Tutorial#
In this tutorial, you will learn how to build video analytics pipelines using Intel® Deep Learning Streamer (Intel® DL Streamer) Pipeline Framework.
Introduction to Intel® Deep Learning Streamer (Intel® DL Streamer) Pipeline Framework
Exercise 4 - Publish the inference results to a `.json` file
About GStreamer#
In this section we introduce basic GStreamer* concepts that you will use in the rest of the tutorial. If you are already familiar with GStreamer feel free to skip ahead to the next section - Introduction to Intel® DL Streamer Pipeline Framework.
GStreamer is a flexible, fast and multiplatform open-source multimedia framework. It has an easy to use command line tool for running pipelines, as well as an API with bindings in C*, Python*, JavaScript* and more. In this tutorial we will use the GStreamer command line tool gst-launch-1.0. For more information and examples please refer to the online documentation for gst-launch-1.0.
Pipelines#
The command line tool gst-launch-1.0 enables developers to describe a media analytics pipeline as a series of connected elements. The list of elements, their configuration properties, and their connections are all specified as a list of strings separated by exclamation marks (!). gst-launch-1.0 parses the string and instantiates the software modules which perform the individual media analytics operations. Internally, the GStreamer library constructs a pipeline object that contains the individual elements and handles common operations such as clocking, messaging, and state changes.
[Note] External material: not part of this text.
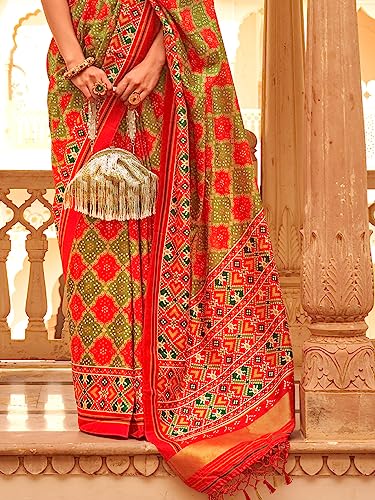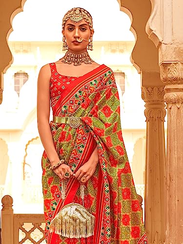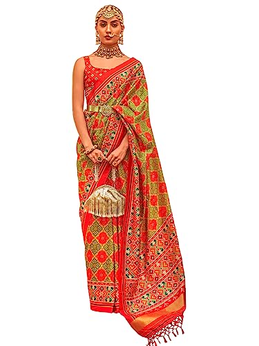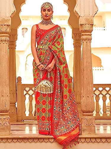 KARAGIRI Womens Patola Silk Green Saree With Blouse Piece

Example: gst-launch-1.0 videotestsrc ! ximagesink
Elements#
An element is the fundamental building block of a pipeline. Elements perform specific operations on incoming frames and then push the resulting frames downstream for further processing. Elements are linked together textually by exclamation marks (!) with the full chain of elements representing the entire pipeline. Each element will take data from its upstream element, process it and then output the data for processing by the next element.
Elements designated as source elements provide input into the pipeline from external sources. In this tutorial we use the filesrc element that reads input from a local file.
Elements designated as sink elements represent the final stage of a pipeline. As an example, a sink element could write transcoded frames to a file on the local disk or open a window to render the video content to the screen or even restream the content via RTSP. We will use the standard xvimagesink element to render the video frames on a local display.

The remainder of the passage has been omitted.